The Emir's 28-year-old daughter Sheikha Al Mayassa has widely been reported as the mastermind behind the tiny emirate's contemporary art shopping spree. After graduating from Duke University in 2005 and a brief stint as an intern for the Tribeca Film Festival (which she later brought to Qatar), she became the head of the Qatar Museums Authority, where she has been in charge of creating Qatar's now-world-class art collection in just a few years.
But she hasn't done it alone. She has made several high-profile hires in the last few years to help her out. She hired the former president of the Rhode Island School of Design, Roger Mandle, to help direct the authority early in her tenure. In 2011, after the Emir failed in a bid to purchase Christie's auction house, the QMA poached its chairman, Edward Dolman, instead. He now serves as the QMA's executive director. For the family's art-collecting needs they often work with the notoriously discreet G.P.S. art dealership, which consists of Franck Giraud, Lionel Pissarro (grandson of Camille), and Philippe Segalot. In addition to G.P.S., former head of Impressionist and modern art at Christie's Guy Bennett was reportedly involved in the Cezanne sale.

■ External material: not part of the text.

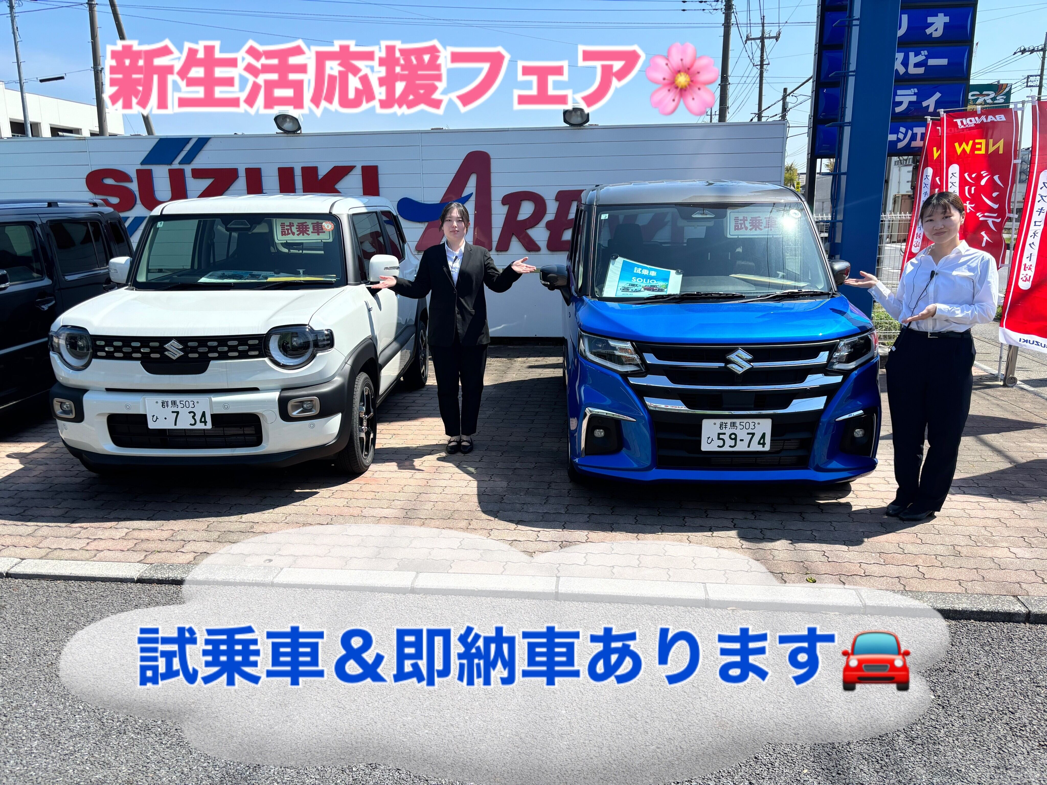 イベント/キャンペーン 2026.04.02 新年度が始まりました! 新年度スタート! 皆様の新生活応援します スズキ自販群馬では お客様ご紹介キャンペーンを開催中! 新生活で新たにお車が必要になることもあるかと思います ぜひご紹介ください ドラレコとナビの同時装着でお安くなるキャンペーンも行っております 詳しくはコチラをご覧いただくか、 当店営業スタッフまでお尋ねください 早めに納車可能な車の一覧です 在庫は変動します。 みなさまのご来店お待ちしております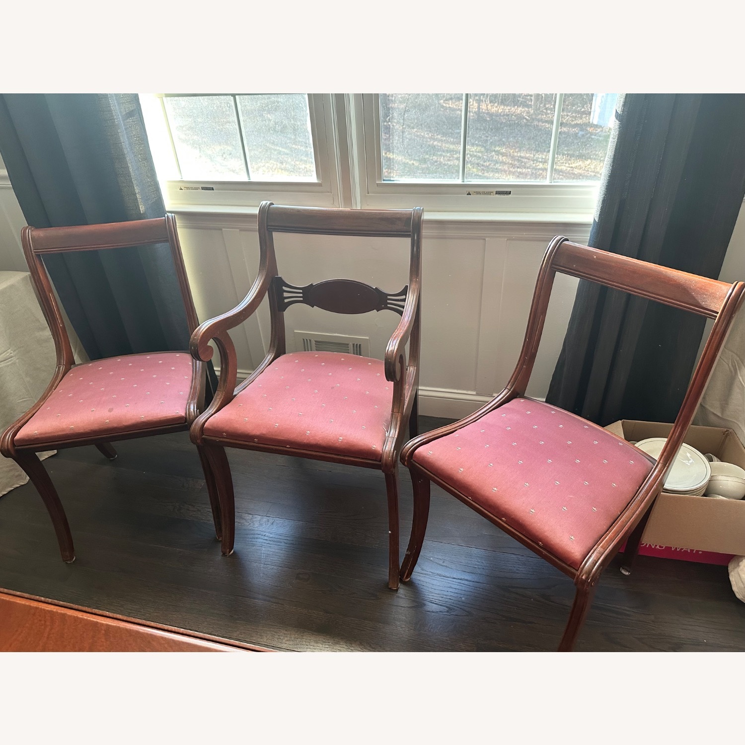 Seller's Notes:This is a set of 6 mid-century Duncan Phyfe style mahogany dining room chairs made by Maddox Colonial Reproductions. There are 5 regular chairs and one arm chair. All have matching pink/flowered upholstered seats. I’m not sure if the seat fabric is original. Please note that two of the chairs are missing the wooden fan piece on the back. And some of the legs have some scratches.

The Qataris have been linked to some very expensive purchases in the modern and contemporary categories over the last few years. They were the reported buyers of 11 Rothko paintings from the collection of J. Ezra Merkin, who was forced to sell after the Madoff scandal; $400 million worth of art from the Sonnabend estate (Koons and Lichtenstein works among them); the $72.8 million "Rockefeller Rothko" purchased at auction in May 2007; and Andy Warhol's "The Men in Her Life," which they picked up for a cheap $63.4 million at Phillips de Pury in November 2010.
Qatar, near the southeastern end of the Arabian Peninsula, is in somewhat of a cultural arms race with its neighbor Abu Dhabi, which is just 200 miles away across the Persian Gulf. In 2008 Qatar it unveiled the I.M. Pei-designed Museum of Islamic Art, in 2010 it opened Mathaf: Arab Museum of Modern Art, and in 2014 the Qatar National Museum will reopen in a newly-designed building by architect Jean Nouvel. Abu Dhabi is building its own slew of art museums, including outposts of the Louvre and the Guggenheim, on Saadiyat Island — though those projects have been started, stopped, restarted again because of construction woes.
The short answer to why they are splurging on art is because they can. It is a little more complicated to that though. $250 million is a lot of money for most of the world — even most art collectors. But it's small change compared to some of the other investments that the Qataris have made over the last few years. Qatar has become of the largest property owners in London — a designation that doesn't come cheap. Their British real estate investments over the last few years are rumored to total £10 billion ($15.8 billion). That's a Cezanne 60-times over. In 2010 the Emir bought Harrods for £1.5 billion, and a Qatari investment group is funding Renzo Piano's under-construction Shard London Bridge building as well, at a price reported to be in the £2 billion range.
Also, it is important to note that two other dealers — Acquavella Gallery and Larry Gagosian — were reportedly interested in the painting, and rumored to have just underbid the al-Thanis. The Art Market Monitor blog has already pointed out that dealers don't buy for themselves, but for other clients — meaning there are probably at least two other collectors out there willing to pay a similar amount (dealers would hike up the price after purchase, of course). As astronomical as the sum is, it isn't inconceivable that Qatar bought the work as an investment. In ten years it could be worth $350 million to the right person.
The tiny state contains fewer than a million people (850,000 at last count), and half of them live in the capital, Doha. It's awash in oil and gas resources, making it the country with the highest per capita GDP (PPP-adjusted) in the world at $102,700, coupled with the lowest unemployment, which is at a barely-there 0.4 percent, according to the CIA World Factbook.
Because it is so rich (and so employed), Qatar's ruling family has not experienced the social unrest that many other countries in the region have had to overcome in the last year. On the contrary, Qatar played a major role in pushing the Arab League to assist Libyan rebels, and has denounced the Syrian government for violence against its people. Politically stable with a wealthy population, Qatar's government is free to spend a quarter of a billion dollars on a Cezanne without anyone looking up.